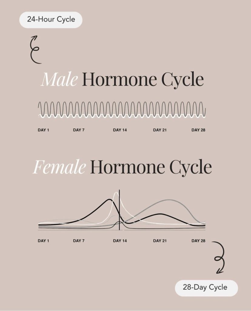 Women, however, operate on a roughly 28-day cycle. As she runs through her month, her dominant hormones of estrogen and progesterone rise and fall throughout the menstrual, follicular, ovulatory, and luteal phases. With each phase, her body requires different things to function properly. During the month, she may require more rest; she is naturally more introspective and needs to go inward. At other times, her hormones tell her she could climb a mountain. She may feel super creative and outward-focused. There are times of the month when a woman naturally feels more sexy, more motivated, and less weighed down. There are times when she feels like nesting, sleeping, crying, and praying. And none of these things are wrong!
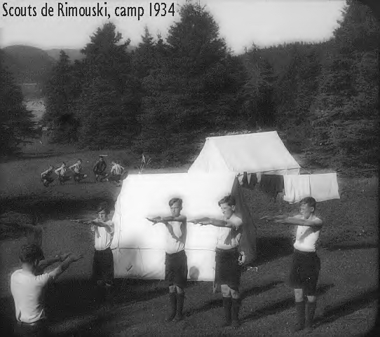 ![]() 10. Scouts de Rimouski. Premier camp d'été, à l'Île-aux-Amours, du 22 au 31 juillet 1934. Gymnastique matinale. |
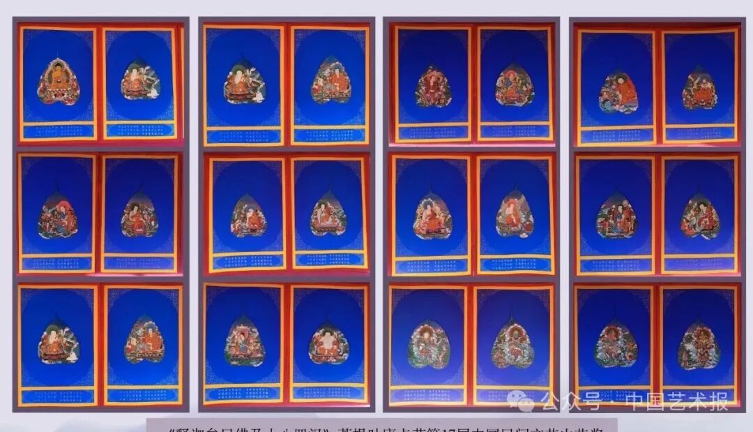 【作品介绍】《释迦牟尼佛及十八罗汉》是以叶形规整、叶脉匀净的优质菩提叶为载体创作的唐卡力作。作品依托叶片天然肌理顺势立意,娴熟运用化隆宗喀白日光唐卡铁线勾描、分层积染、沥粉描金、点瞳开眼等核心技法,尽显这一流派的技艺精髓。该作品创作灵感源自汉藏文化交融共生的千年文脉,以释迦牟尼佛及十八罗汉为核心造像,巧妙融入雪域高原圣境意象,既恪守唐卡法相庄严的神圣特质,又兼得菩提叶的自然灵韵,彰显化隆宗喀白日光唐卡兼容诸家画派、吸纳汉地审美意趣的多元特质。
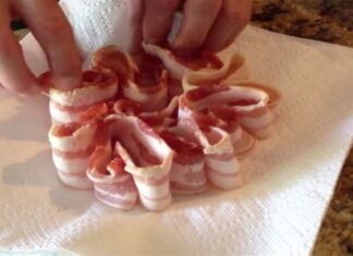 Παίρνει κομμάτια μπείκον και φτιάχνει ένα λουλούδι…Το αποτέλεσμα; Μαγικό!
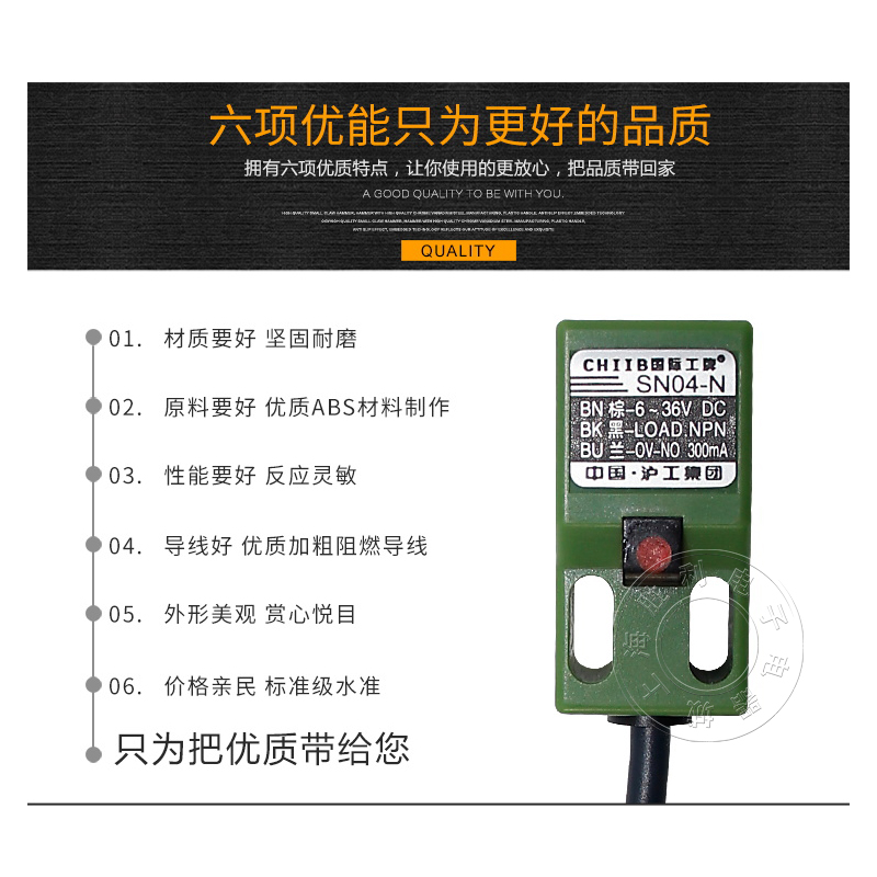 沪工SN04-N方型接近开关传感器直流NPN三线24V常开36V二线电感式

# # #

## [TASK TO COMPLETE]
Your copy of the data above should match it exactly, apart from the images.

## [EXPECTED OUTPUT]
 Women, however, operate on a roughly 28-day cycle. As she runs through her month, her dominant hormones of estrogen and progesterone rise and fall throughout the menstrual, follicular, ovulatory, and luteal phases. With each phase, her body requires different things to function properly. During the month, she may require more rest; she is naturally more introspective and needs to go inward. At other times, her hormones tell her she could climb a mountain. She may feel super creative and outward-focused. There are times of the month when a woman naturally feels more sexy, more motivated, and less weighed down. There are times when she feels like nesting, sleeping, crying, and praying. And none of these things are wrong!
 ![]() 10. Scouts de Rimouski. Premier camp d'été, à l'Île-aux-Amours, du 22 au 31 juillet 1934. Gymnastique matinale. |
 【作品介绍】《释迦牟尼佛及十八罗汉》是以叶形规整、叶脉匀净的优质菩提叶为载体创作的唐卡力作。作品依托叶片天然肌理顺势立意,娴熟运用化隆宗喀白日光唐卡铁线勾描、分层积染、沥粉描金、点瞳开眼等核心技法,尽显这一流派的技艺精髓。该作品创作灵感源自汉藏文化交融共生的千年文脉,以释迦牟尼佛及十八罗汉为核心造像,巧妙融入雪域高原圣境意象,既恪守唐卡法相庄严的神圣特质,又兼得菩提叶的自然灵韵,彰显化隆宗喀白日光唐卡兼容诸家画派、吸纳汉地审美意趣的多元特质。
 Παίρνει κομμάτια μπείκον και φτιάχνει ένα λουλούδι…Το αποτέλεσμα; Μαγικό!
 沪工SN04-N方型接近开关传感器直流NPN三线24V常开36V二线电感式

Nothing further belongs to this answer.